“What GP?”
“Are you serious?” Of course he was. Now that I thought about it, Billy’s vagabond lifestyle probably hadn’t left room for registering with a GP and following a recovery plan. I tracked back, counting the months since the accident I still knew next to nothing about. At the time, I’d been focussed on Mia and Luke, and so much had happened since. Six months? Nine? A year? My fuzzled brain couldn’t seem to remember. Maybe I was absorbing Billy’s apparent lack of equilibrium.
He didn’t answer my question. I got him to his feet. “Do you still feel sick?”
“I feel like I died.”
I believed him, given that he had died the first time he’d had surgery on his shoulder. Daley boys didn’t take well to general anaesthetics. They were also proud men who didn’t admit perceived weaknesses easily. I didn’t know Billy as well as I knew Luke, but instinct warned me to settle him fast, before old habits kicked in and he pushed me away.

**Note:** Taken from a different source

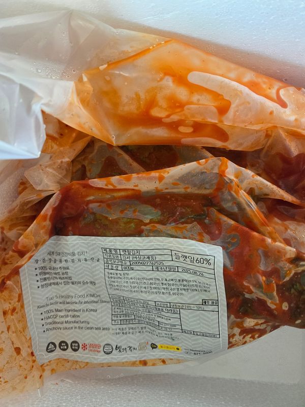 포장 상태 김치 다 굿이고 맛도 좋네요. 양념이 적당히 약간 매콤한게 흰 쌀밥에 올려 먹으니 맛이 좋네요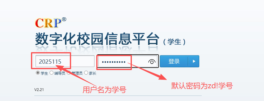 5.輸入用戶名(用戶名為學(xué)號(hào))及密碼(默認(rèn)密碼為zd!學(xué)號(hào),如學(xué)號(hào)為250001則默認(rèn)密碼為zd!250001)

My room was closest. Billy’s room was hardly a world away, but for reasons I’d never understand, I walked Billy to my bed and sat him down.
He cast a slow gaze around my bedroom. “What are we doing in here?”
“Bigger bed, telly on the wall, and I have the good drugs.”
“What drugs?”
“Tramadol for pain. Amitriptyline to relax your muscles.”
“How’d you get that shit?”
“Knee surgery.”
“When?”
“Two years ago.”
“I didn’t know about that.”
I shrugged, because why would he? Even if he’d had a functioning relationship with Luke, my health and wellbeing would hardly have been a hot topic of conversation. “Anyway. If you wanna chill in here for a bit, I’ll get you some pills, some food, and a hot cuppa to wash it all down. How does that sound?”
Bewilderment warred with the sardonic half smirk Billy usually painted on his face. He glanced around the room again, his hesitance clear, though which part of my proposal was making him twitch, I couldn’t tell.
I took a chance and knelt in front of him, my hands on his knees. “Look, I can give you the drugs and help you to your own room if you’d prefer, but I’m not leaving you alone like this, okay? I’ll kip in your doorway if I have to, and I’m sure you don’t want that.”
“Don’t want you being a creepy weirdo? Nah, I like that shit.”
His rough humour was a soft breeze after a sandstorm, washing the scratchy tension from the air. “Whatever.” I stood. “I’ll get the drugs and the tea while you figure it out.”
I was halfway to the door when he called my name. Holding my breath, I turned.
Billy offered me a ghostly smile. “I’ll stay, but don’t make me eat. Your room is too nice for me throw up in.”
He didn’t throw up. He swallowed the pills I gave him and drank the tea, and when he was sufficiently buzzed, seemed to remember he hadn’t eaten since the mini doughnuts I’d forced on him that morning.How does he even live?I’d put away at least six sandwiches since then. “What do you want?” I asked, trying to ignore how much I was enjoying seeing him stretched out on my bed. “I can order something?”
Billy shook his head, eyes hooded and heavy. “No. I don’t want you spending money on me, and I don’t have any. There must be something in the cupboards. I just remembered I bought other stuff that’s not in the fridge.”
“What did you buy?”
“Can’t remember.”
“Okay...do you remember where you put it?”
“Nope.”
Truth be told, he could’ve bought a hundred different things and stashed them in my kitchen cupboards before I noticed. It wasn’t like I ever looked.
Curious, I rolled off the bed and sloped downstairs. The fridge was as bare as I’d left it, but a scout of the corner cabinet revealed a squirrel store of baked beans, Super Noodles, and tins of tuna. I couldn’t imagine how they’d taste together, and we had no bread for toast, so I plumped for the noodles and managed to cook them in the microwave without burning the house down.